What is required
Pictures in the records below must be left out. Return exactly the lines from the line with "الملك يلتقي وفد" to the line with "Halenka s dlouhými", both included.
++++ Data shown
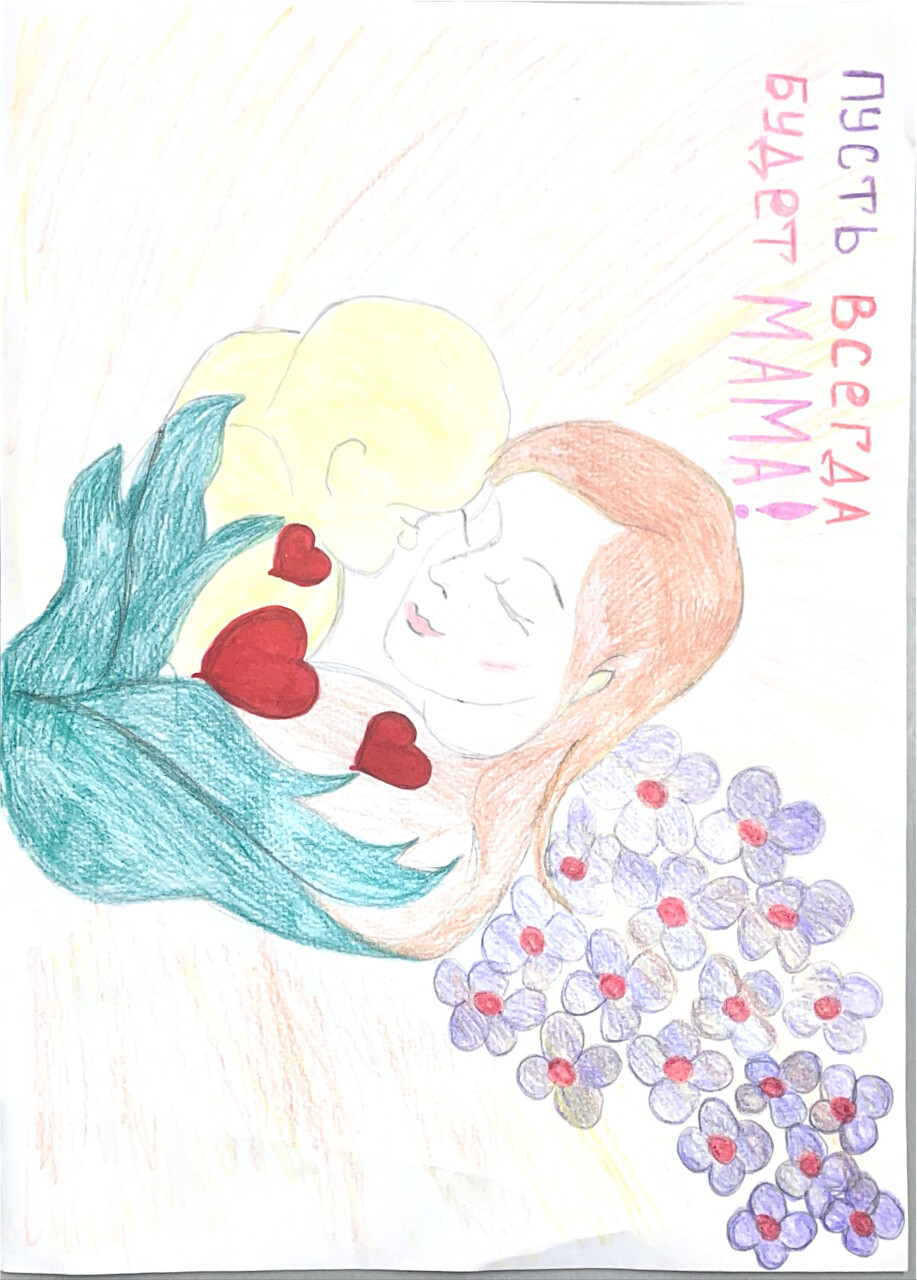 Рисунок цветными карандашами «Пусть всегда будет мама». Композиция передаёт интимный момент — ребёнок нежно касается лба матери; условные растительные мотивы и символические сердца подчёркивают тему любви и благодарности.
++++++++
++++ Data shown
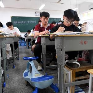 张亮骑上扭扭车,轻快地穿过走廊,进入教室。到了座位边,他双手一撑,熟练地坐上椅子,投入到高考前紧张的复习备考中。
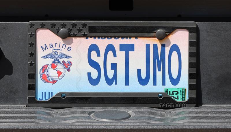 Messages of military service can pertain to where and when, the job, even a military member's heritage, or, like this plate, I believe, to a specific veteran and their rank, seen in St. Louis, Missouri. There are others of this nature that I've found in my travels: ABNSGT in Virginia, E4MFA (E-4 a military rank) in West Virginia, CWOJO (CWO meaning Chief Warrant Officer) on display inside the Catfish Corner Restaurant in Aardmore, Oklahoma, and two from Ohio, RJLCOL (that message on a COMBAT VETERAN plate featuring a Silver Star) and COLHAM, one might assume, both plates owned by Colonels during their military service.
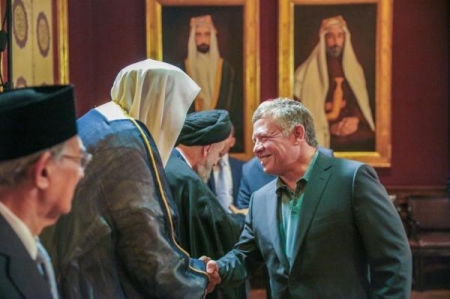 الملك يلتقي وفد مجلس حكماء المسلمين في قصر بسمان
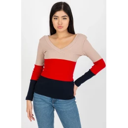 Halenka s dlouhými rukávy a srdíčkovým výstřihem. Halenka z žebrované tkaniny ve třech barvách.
++++++++
Written reply
 الملك يلتقي وفد مجلس حكماء المسلمين في قصر بسمان
 Halenka s dlouhými rukávy a srdíčkovým výstřihem. Halenka z žebrované tkaniny ve třech barvách.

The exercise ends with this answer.